### PROBLEM DETAILS
Only those lines in the data below from the line containing "- Document camera" through the line containing "- Safety hinge", both included, should be restated word for word.

### INPUT MATERIAL
┌────────

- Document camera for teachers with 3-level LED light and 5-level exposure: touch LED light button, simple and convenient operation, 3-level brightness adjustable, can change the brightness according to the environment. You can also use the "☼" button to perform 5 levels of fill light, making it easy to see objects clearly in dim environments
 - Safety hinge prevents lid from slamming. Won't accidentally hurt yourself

└────────
┌────────

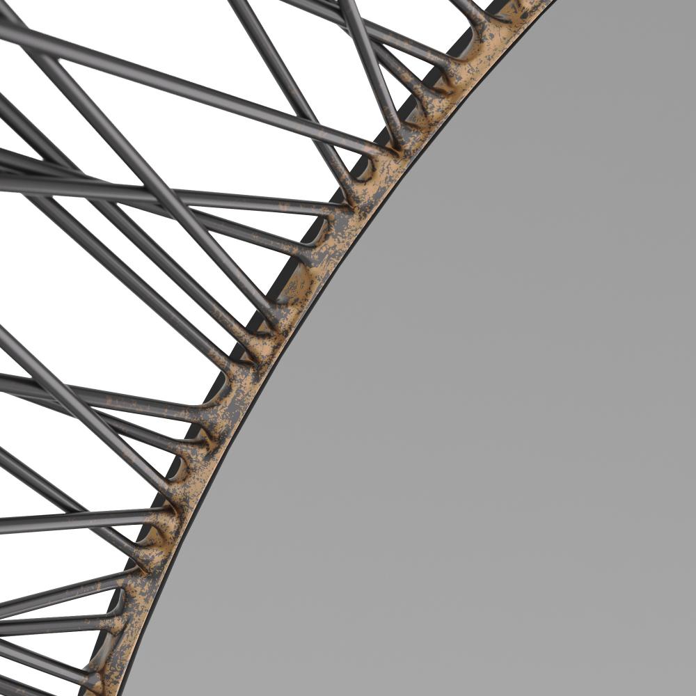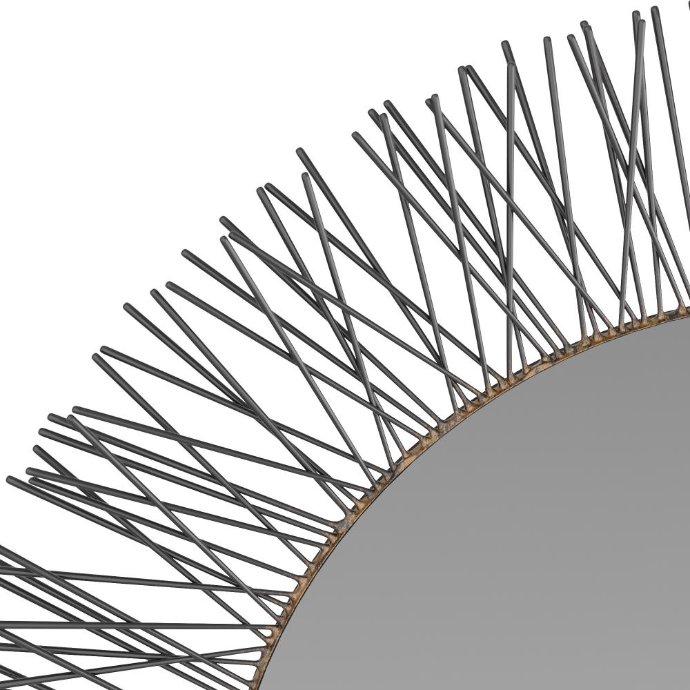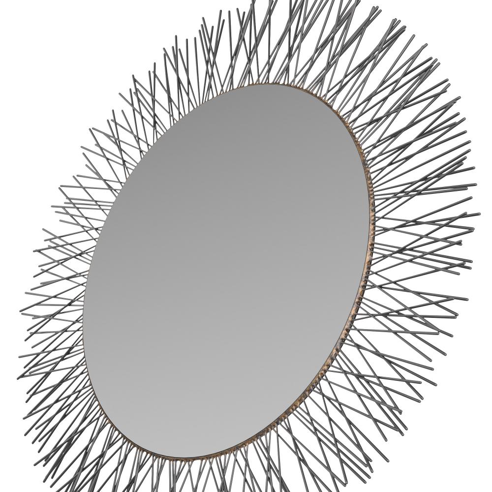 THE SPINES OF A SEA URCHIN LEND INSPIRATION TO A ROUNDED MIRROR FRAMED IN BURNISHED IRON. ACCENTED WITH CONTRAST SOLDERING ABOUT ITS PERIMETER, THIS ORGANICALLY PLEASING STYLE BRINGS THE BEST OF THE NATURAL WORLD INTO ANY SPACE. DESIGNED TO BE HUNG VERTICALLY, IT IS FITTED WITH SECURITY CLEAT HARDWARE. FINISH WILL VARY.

└────────

### EXERCISE SOLUTION
- Document camera for teachers with 3-level LED light and 5-level exposure: touch LED light button, simple and convenient operation, 3-level brightness adjustable, can change the brightness according to the environment. You can also use the "☼" button to perform 5 levels of fill light, making it easy to see objects clearly in dim environments
 - Safety hinge prevents lid from slamming. Won't accidentally hurt yourself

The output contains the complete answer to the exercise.